◆ **PROBLEM DESCRIPTION**
An exact copy of the data is needed, one that excludes all pictures.

◆ **PROVIDED DATA**
= = =

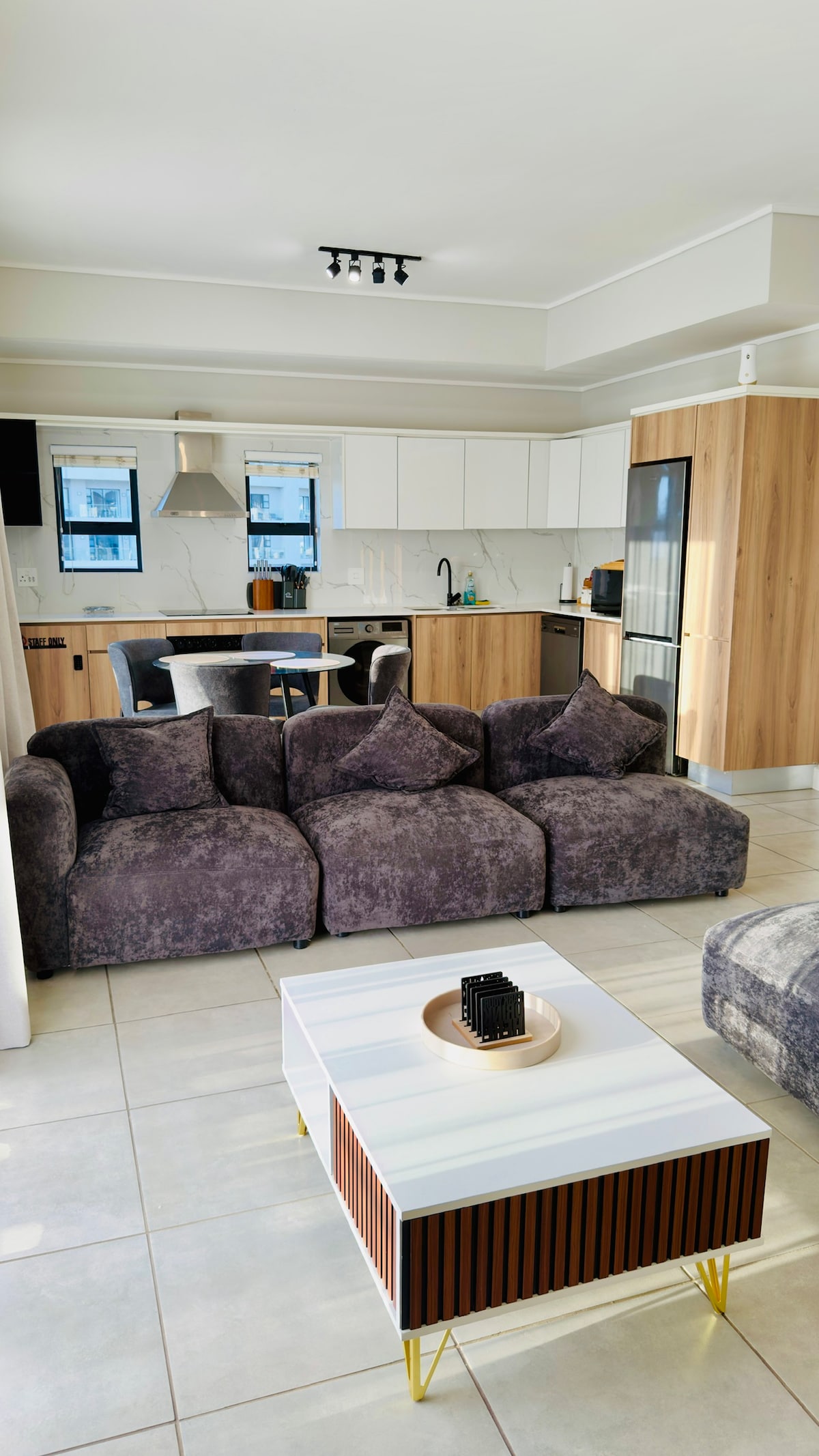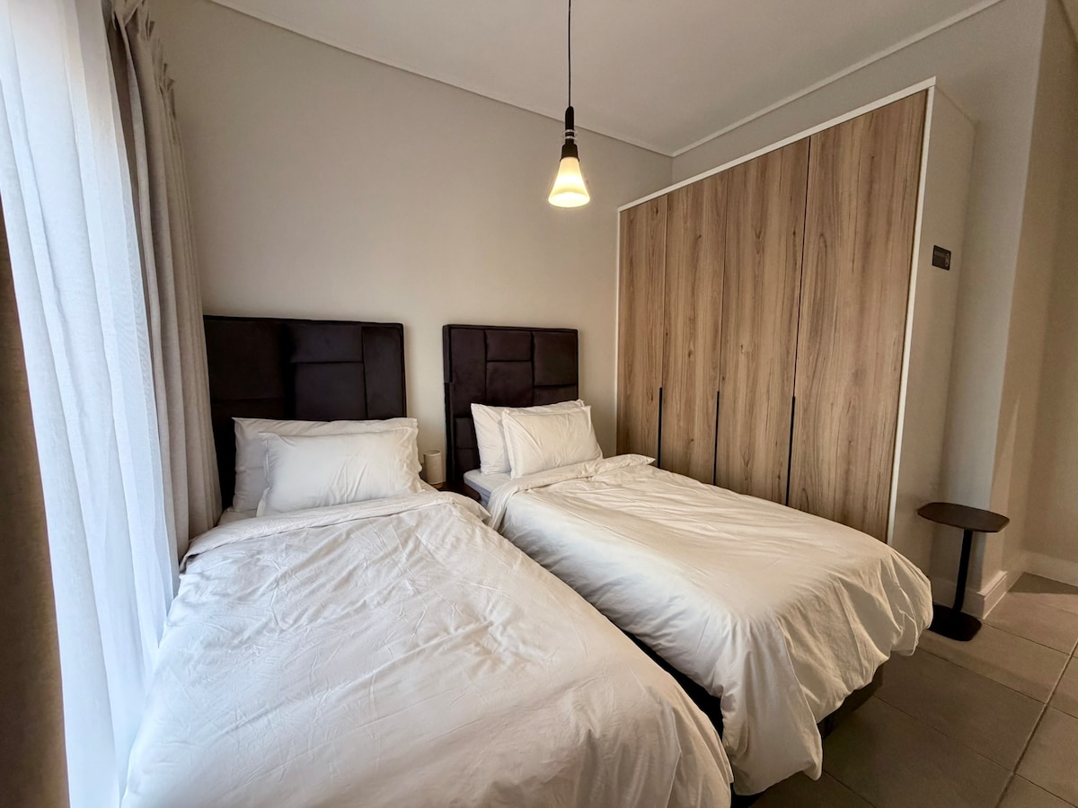 Modern 2-bedroom apartment in the heart of Munyaka Lifestyle Estate. Includes 2 private rooms, fully equipped kitchen, dining area, lounge & balcony. Enjoy access to the crystal-clear lagoon, Laguna restaurant, gym, spa, bar, and 24/7 security. Perfect for families or friends looking for comfort, style, and resort-style living near Mall of Africa.
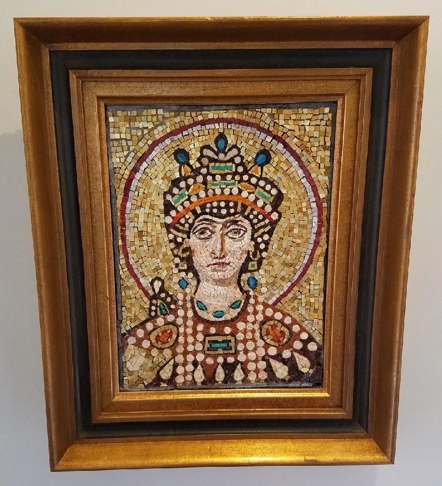 My Empress Theodora mosaic reproduction completed next to her partner, my client’s Emperor Justinian reproduction from Ravenna.
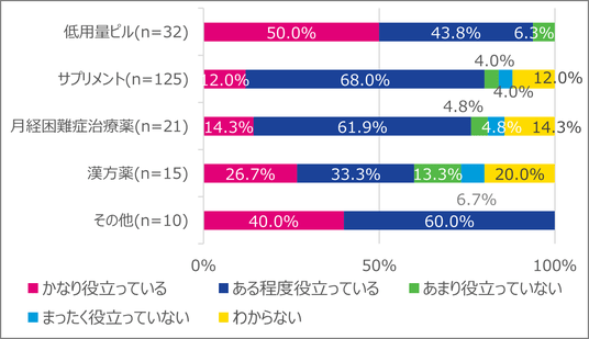 月経に関連する症状の軽減を目的とした日常的なケアについては、「低用量ピルの服用(10%)」、「サプリメントの服用(8%)」、「月経困難症治療薬の服用(7%)」、「漢方薬の服用(5%)」という回答が得られたのに対し、72%は「特に対処していない」と回答しました 【Q9】(図3)。日常的なケアを行う人に対し、そのケアが症状の軽減にどの程度役立っているかを聞いたところ、「かなり役立っている」「ある程度役立っている」と答えた人は、低用量ピル*で94%、サプリメントで80%、月経困難症治療薬*で76%、漢方薬で60%でした【Q11】(図4)。

= = =

◆ **ANSWER FOR THIS EXERCISE**
 Modern 2-bedroom apartment in the heart of Munyaka Lifestyle Estate. Includes 2 private rooms, fully equipped kitchen, dining area, lounge & balcony. Enjoy access to the crystal-clear lagoon, Laguna restaurant, gym, spa, bar, and 24/7 security. Perfect for families or friends looking for comfort, style, and resort-style living near Mall of Africa.
 My Empress Theodora mosaic reproduction completed next to her partner, my client’s Emperor Justinian reproduction from Ravenna.
 月経に関連する症状の軽減を目的とした日常的なケアについては、「低用量ピルの服用(10%)」、「サプリメントの服用(8%)」、「月経困難症治療薬の服用(7%)」、「漢方薬の服用(5%)」という回答が得られたのに対し、72%は「特に対処していない」と回答しました 【Q9】(図3)。日常的なケアを行う人に対し、そのケアが症状の軽減にどの程度役立っているかを聞いたところ、「かなり役立っている」「ある程度役立っている」と答えた人は、低用量ピル*で94%、サプリメントで80%、月経困難症治療薬*で76%、漢方薬で60%でした【Q11】(図4)。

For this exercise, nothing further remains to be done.